• **What to work on**
Leave the pictures aside and give back every entry below word for word.

• **Listed entries**
= Beginning of Section =
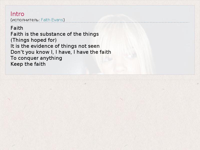 Это интересно:Faith Evans родилась в 1973 году во Флориде, но переехала в Newark (New Jersey) где и росла, живя вместе с матерью, бабушкой и дедушкой. По легенде, она уже в два года пела в церкви. Затем она пела в школе, пока училась, а в последствии даже выиграла по конкурсу обучение в Fordham University с оплачиваемой стипендией.Отучившись год, Faith Evans бросила колледж чтобы проверить, можно ли зарабатывать с помощью собственного... продолжение
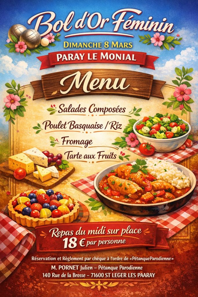 Voici l’affiche du repas organisé à l’occasion du Bol d’Or féminin de Paray‑le‑Monial.
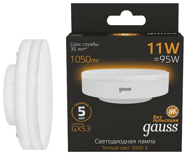 Отзывы на Лампа светодиодная LED 11 Вт 1050 Лм 3000К теплая GX53 таблетка Black Gauss (комплект 6шт)
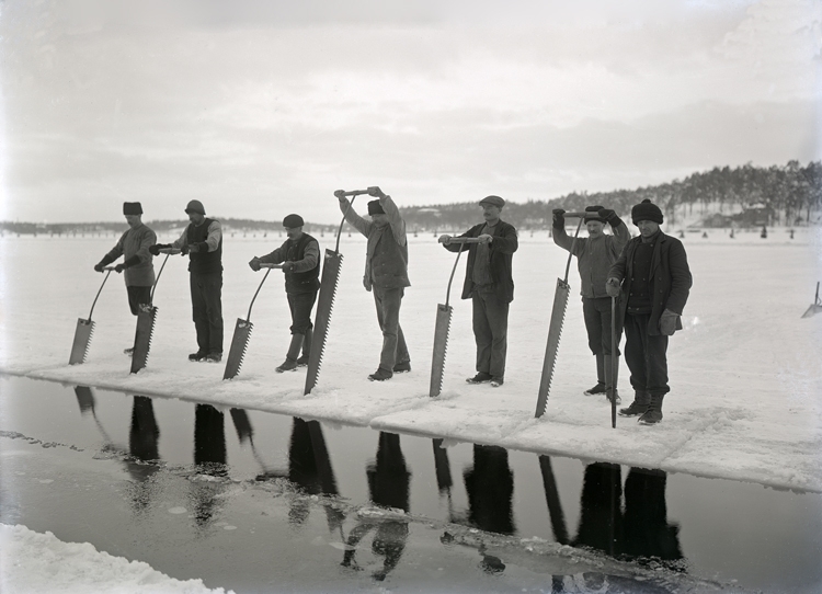 Några män sågar upp is med issåg.
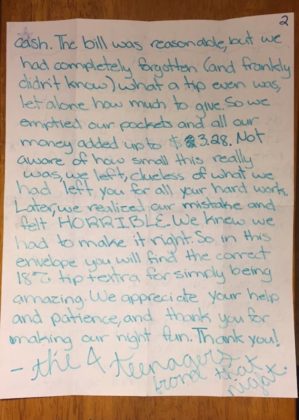 The total was about $100, so the $3.28 tip is less than 4% of that. Fortunately, the teenagers realized their mistake and took the right steps.
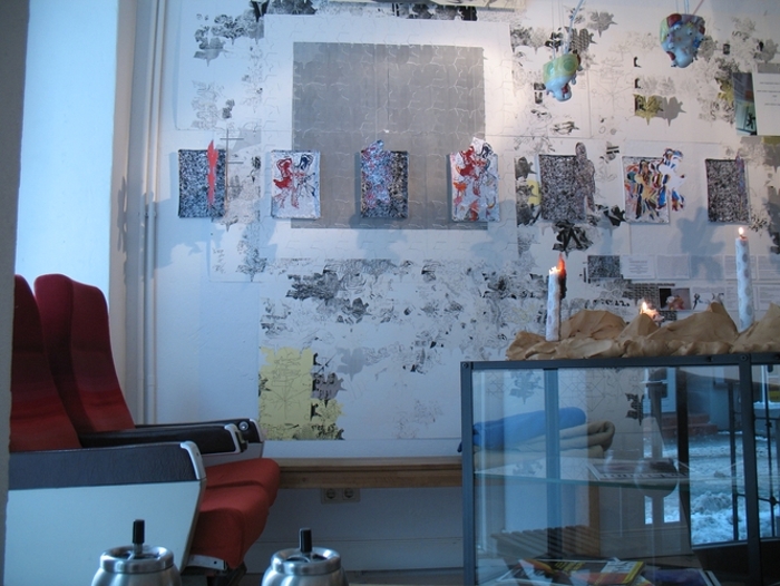 „durchsichtig und auch undurchsichtig“, Installation im Ausstellungsbereich des Rathauses Lichtenau. Jede Ausstellung verweist auf Nichtausgestelltes, sogar Nichtausstellbares.
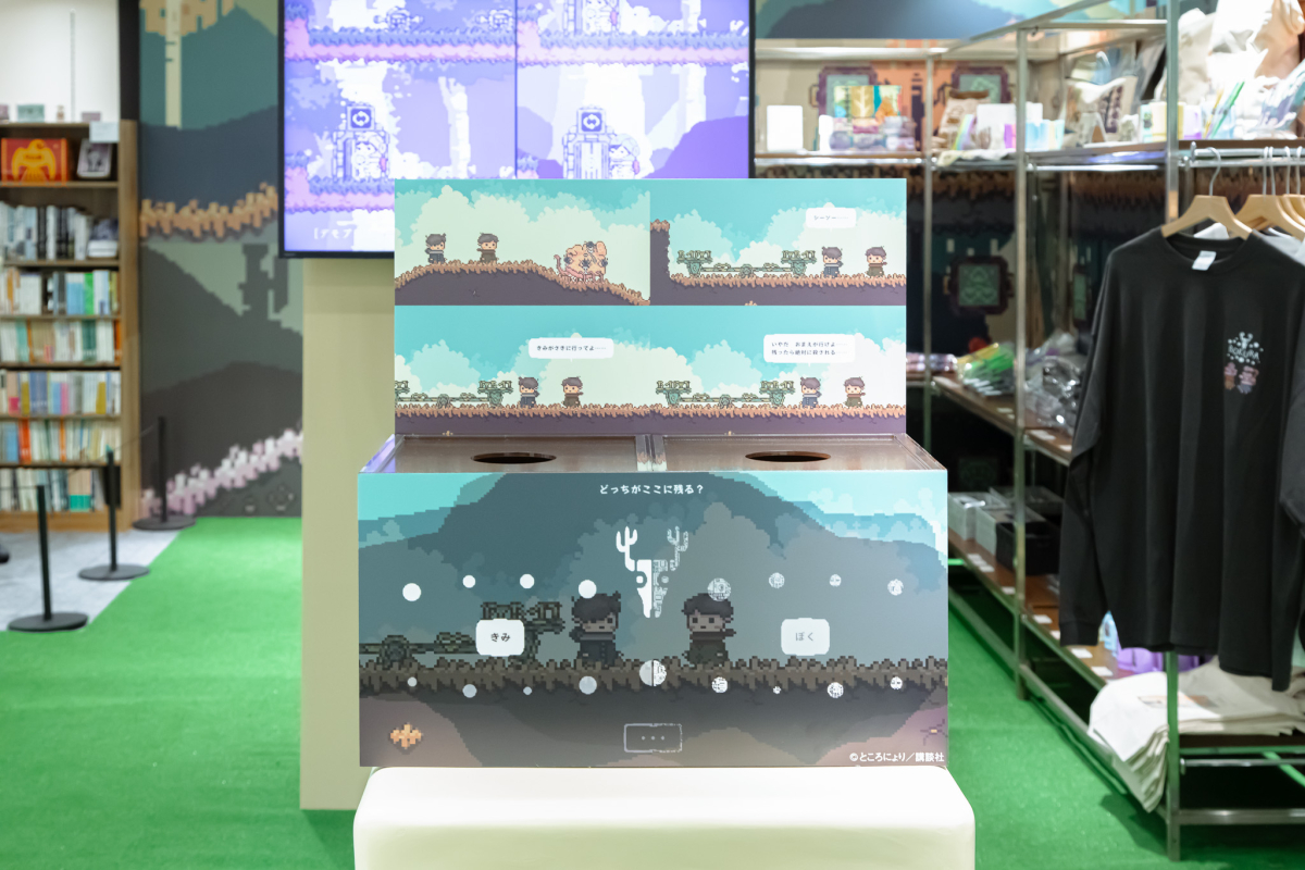 ゲームになぞらえ、本会場で“見えている景色”から“得られる情報”によって購入できる限定グッズをご用意。実際のゲームをしているような感覚で楽しめる展示となります。
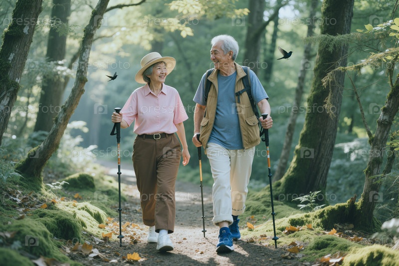 Пожилая азиатская пара ходит в лес для активного пенсионного оздоровления
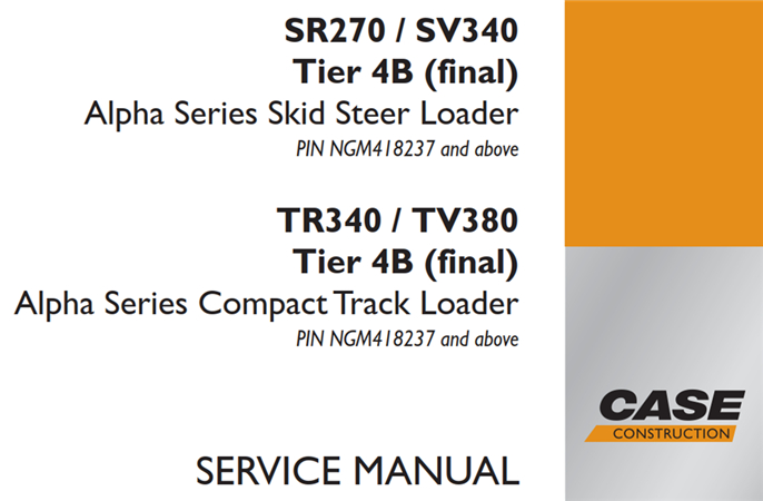 Original Factory Service Repair Manual for the Case SR270/SV340 Tier 4B (final) Alpha Series Skid Steer Loader, TR340/TV380 Tier 4B (final) Alpha Series Compact Track Loader.
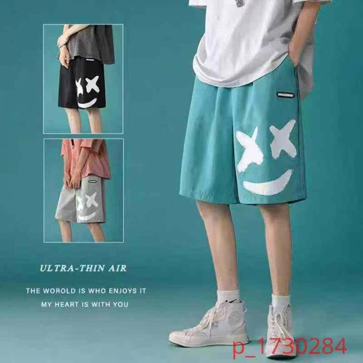 ☕️潮牌笑脸短裤男夏季薄款直筒宽松外穿运动潮流五分裤休闲中裤712条全清6...
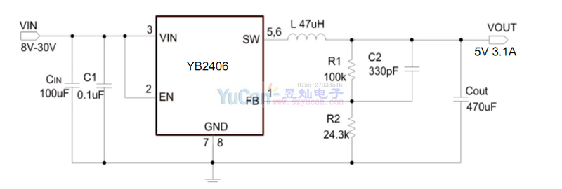 YB2406是支持高電壓輸入的同步降壓電源管理芯片,在8~30V的寬輸入電壓范圍內(nèi)可實(shí)現(xiàn)3.1A的連續(xù)電流輸出。通過調(diào)節(jié)FB端口的分壓電阻,可以輸出1.8V到28V的穩(wěn)定電壓.YB2406具有優(yōu)秀的負(fù)載調(diào)整率和線電壓調(diào)整率,在全范圍內(nèi)不超過±3%。YB2406采用電流模式的環(huán)路控制原理,實(shí)現(xiàn)了快速的動(dòng)態(tài)響應(yīng).YB2406工作開關(guān)頻率為130kH,具有良好的EMI特性。
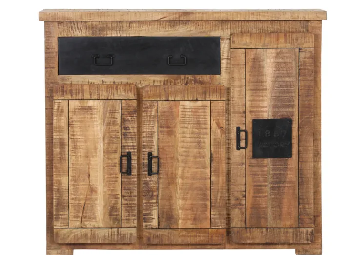 Gefertigt aus massivem Mangoholz, das sägerau gebeizt und lackiert ist, bietet er eine robuste und langlebige Konstruktion. Die Kombination aus braunen und schwarzen Farbtönen verleiht dem Möbelstück eine moderne und zugleich rustikale Optik.
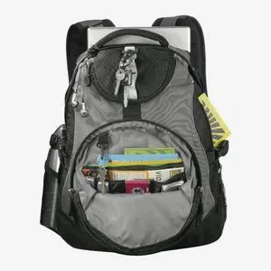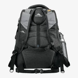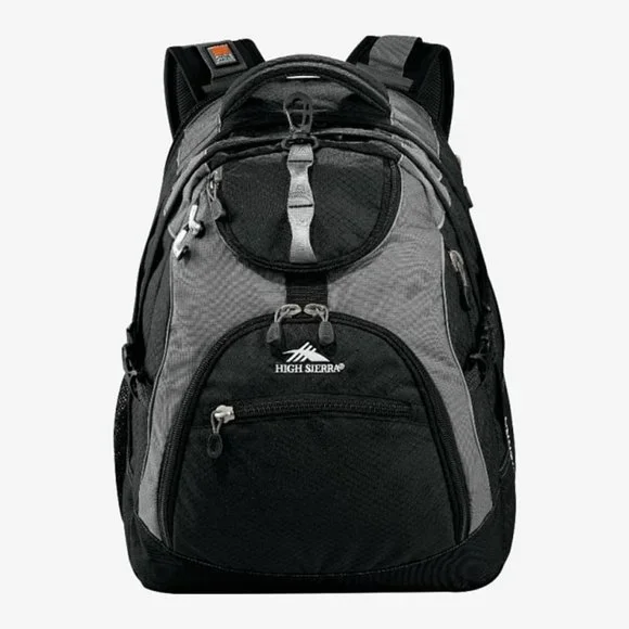 Holds most 17 inch computers (max: 15.5"H x 10.75"W x 1.8"D). It also features a built-in padded laptop sleeve with a zippered access pocket on the back and a front compartment with a convenient side access zipper. Deluxe multi-pocket organizer. Easy-access deluxe media pocket with headphone port. Side mesh beverage compartment. Padded back panel. S-shaped Vapel™ mesh Airflow™ padded shoulder straps with suspension system, adjustable sternum strap. Adjustable side compression straps. Vapel™ mesh padded grab handle Signature High Sierra® hardware.
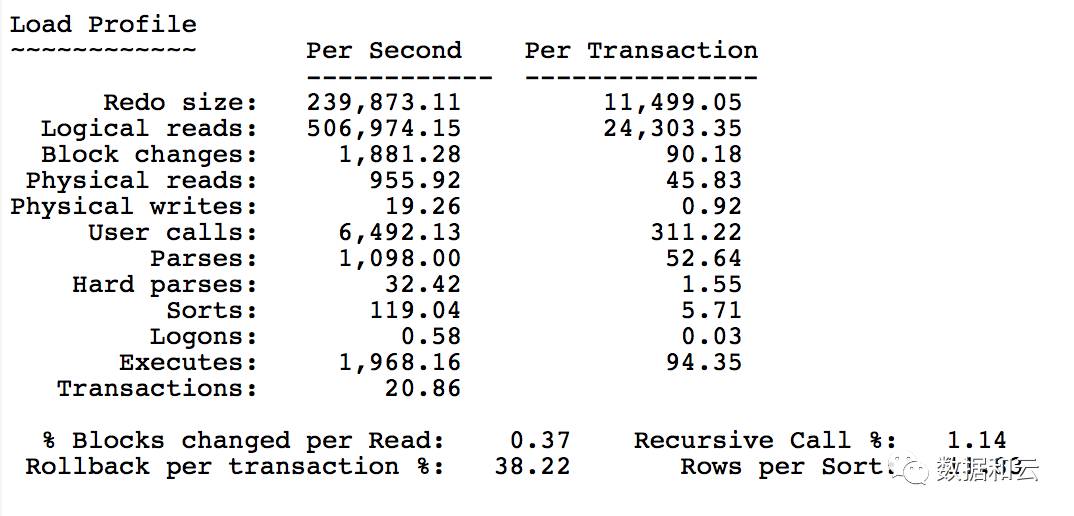 在数据库概要信息之后,报表中输出的是数据库的负载概要信息,这些信息分别通过每秒和每事务形式展现。通过这部分信息,报告讲数据库的整体运行状况快速展现出来。
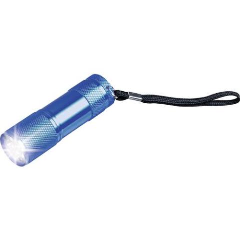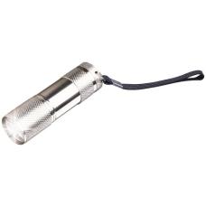 Aluminium staaflampje met 9 felwitte, energiezuinige LED-lampjes en afneembare lus. Afm. Ø 2,7 x 9 cm. Incl. batterijen. Per stuk in doos.
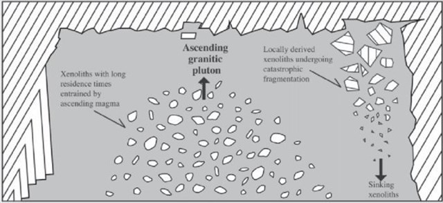 Magmatik kayaçlar soğumuş magma ve lavlardan oluşur. Ksenolitler genellikle magmatik kayalara gömülü olan farklı kaya türleridir. Yabancı kaya malzemesine, magma veya lavın bileşimine, sıcaklıklara, mevcut zamana ve diğer birçok faktöre bağlı olarak ksenolit, ana kayayla değişen derecelerde kimyasal olarak dengelenir.
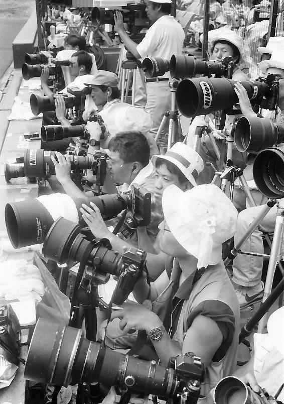 注解:进入1980年代,尼康是专业人士的唯一选择。这是一群体育摄影记者的照片。
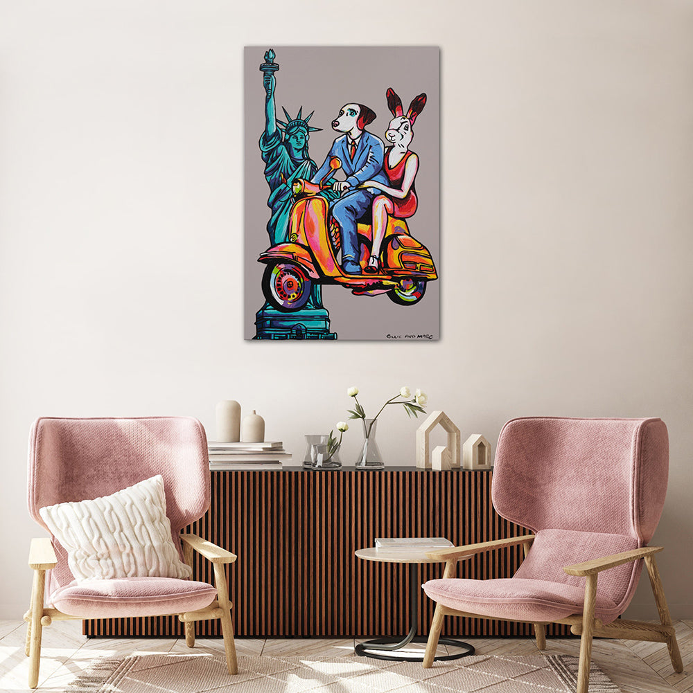 "Statue of Liberty Tour" captures a scene of adventure and exploration as Dogman and Rabbitwoman traverse the streets of New York City on their Vespa, with the iconic Statue of Liberty looming majestically in the background. Against the backdrop of the solitary statue, the painting evokes a sense of awe and wonder as the duo embarks on their journey through the bustling cityscape. The Vespa, a symbol of mobility and freedom, carries them effortlessly through the scene, while Dogman and Rabbitwoman's expressions reflect the excitement of discovery and the timeless allure of one of the world's most famous landmarks. Through its dynamic composition and vibrant imagery, the artwork invites viewers to join in the exhilarating tour through the heart of New York, where the Statue of Liberty stands as a powerful symbol of liberty and opportunity.
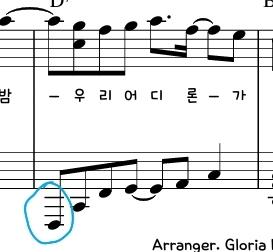 아르페지오 왼손 반주를 사용하다보니 베이스음들이 덧줄이 많아졌습니다. 주의해주세요~ 덧줄이 너무 보기 힘드시다면 위의 코드음이 베이스음이기 때문에 참고하시면 됩니다.
= End of Section =
• **Answer to the problem**
 Это интересно:Faith Evans родилась в 1973 году во Флориде, но переехала в Newark (New Jersey) где и росла, живя вместе с матерью, бабушкой и дедушкой. По легенде, она уже в два года пела в церкви. Затем она пела в школе, пока училась, а в последствии даже выиграла по конкурсу обучение в Fordham University с оплачиваемой стипендией.Отучившись год, Faith Evans бросила колледж чтобы проверить, можно ли зарабатывать с помощью собственного... продолжение
 Voici l’affiche du repas organisé à l’occasion du Bol d’Or féminin de Paray‑le‑Monial.
 Отзывы на Лампа светодиодная LED 11 Вт 1050 Лм 3000К теплая GX53 таблетка Black Gauss (комплект 6шт)
 Några män sågar upp is med issåg.
 The total was about $100, so the $3.28 tip is less than 4% of that. Fortunately, the teenagers realized their mistake and took the right steps.
 „durchsichtig und auch undurchsichtig“, Installation im Ausstellungsbereich des Rathauses Lichtenau. Jede Ausstellung verweist auf Nichtausgestelltes, sogar Nichtausstellbares.
 ゲームになぞらえ、本会場で“見えている景色”から“得られる情報”によって購入できる限定グッズをご用意。実際のゲームをしているような感覚で楽しめる展示となります。
 Пожилая азиатская пара ходит в лес для активного пенсионного оздоровления
 Original Factory Service Repair Manual for the Case SR270/SV340 Tier 4B (final) Alpha Series Skid Steer Loader, TR340/TV380 Tier 4B (final) Alpha Series Compact Track Loader.
 ☕️潮牌笑脸短裤男夏季薄款直筒宽松外穿运动潮流五分裤休闲中裤712条全清6...
 YB2406是支持高電壓輸入的同步降壓電源管理芯片,在8~30V的寬輸入電壓范圍內(nèi)可實(shí)現(xiàn)3.1A的連續(xù)電流輸出。通過調(diào)節(jié)FB端口的分壓電阻,可以輸出1.8V到28V的穩(wěn)定電壓.YB2406具有優(yōu)秀的負(fù)載調(diào)整率和線電壓調(diào)整率,在全范圍內(nèi)不超過±3%。YB2406采用電流模式的環(huán)路控制原理,實(shí)現(xiàn)了快速的動(dòng)態(tài)響應(yīng).YB2406工作開關(guān)頻率為130kH,具有良好的EMI特性。
 Gefertigt aus massivem Mangoholz, das sägerau gebeizt und lackiert ist, bietet er eine robuste und langlebige Konstruktion. Die Kombination aus braunen und schwarzen Farbtönen verleiht dem Möbelstück eine moderne und zugleich rustikale Optik.
 Holds most 17 inch computers (max: 15.5"H x 10.75"W x 1.8"D). It also features a built-in padded laptop sleeve with a zippered access pocket on the back and a front compartment with a convenient side access zipper. Deluxe multi-pocket organizer. Easy-access deluxe media pocket with headphone port. Side mesh beverage compartment. Padded back panel. S-shaped Vapel™ mesh Airflow™ padded shoulder straps with suspension system, adjustable sternum strap. Adjustable side compression straps. Vapel™ mesh padded grab handle Signature High Sierra® hardware.
 在数据库概要信息之后,报表中输出的是数据库的负载概要信息,这些信息分别通过每秒和每事务形式展现。通过这部分信息,报告讲数据库的整体运行状况快速展现出来。
 Aluminium staaflampje met 9 felwitte, energiezuinige LED-lampjes en afneembare lus. Afm. Ø 2,7 x 9 cm. Incl. batterijen. Per stuk in doos.
 Magmatik kayaçlar soğumuş magma ve lavlardan oluşur. Ksenolitler genellikle magmatik kayalara gömülü olan farklı kaya türleridir. Yabancı kaya malzemesine, magma veya lavın bileşimine, sıcaklıklara, mevcut zamana ve diğer birçok faktöre bağlı olarak ksenolit, ana kayayla değişen derecelerde kimyasal olarak dengelenir.
 注解:进入1980年代,尼康是专业人士的唯一选择。这是一群体育摄影记者的照片。
 "Statue of Liberty Tour" captures a scene of adventure and exploration as Dogman and Rabbitwoman traverse the streets of New York City on their Vespa, with the iconic Statue of Liberty looming majestically in the background. Against the backdrop of the solitary statue, the painting evokes a sense of awe and wonder as the duo embarks on their journey through the bustling cityscape. The Vespa, a symbol of mobility and freedom, carries them effortlessly through the scene, while Dogman and Rabbitwoman's expressions reflect the excitement of discovery and the timeless allure of one of the world's most famous landmarks. Through its dynamic composition and vibrant imagery, the artwork invites viewers to join in the exhilarating tour through the heart of New York, where the Statue of Liberty stands as a powerful symbol of liberty and opportunity.
 아르페지오 왼손 반주를 사용하다보니 베이스음들이 덧줄이 많아졌습니다. 주의해주세요~ 덧줄이 너무 보기 힘드시다면 위의 코드음이 베이스음이기 때문에 참고하시면 됩니다.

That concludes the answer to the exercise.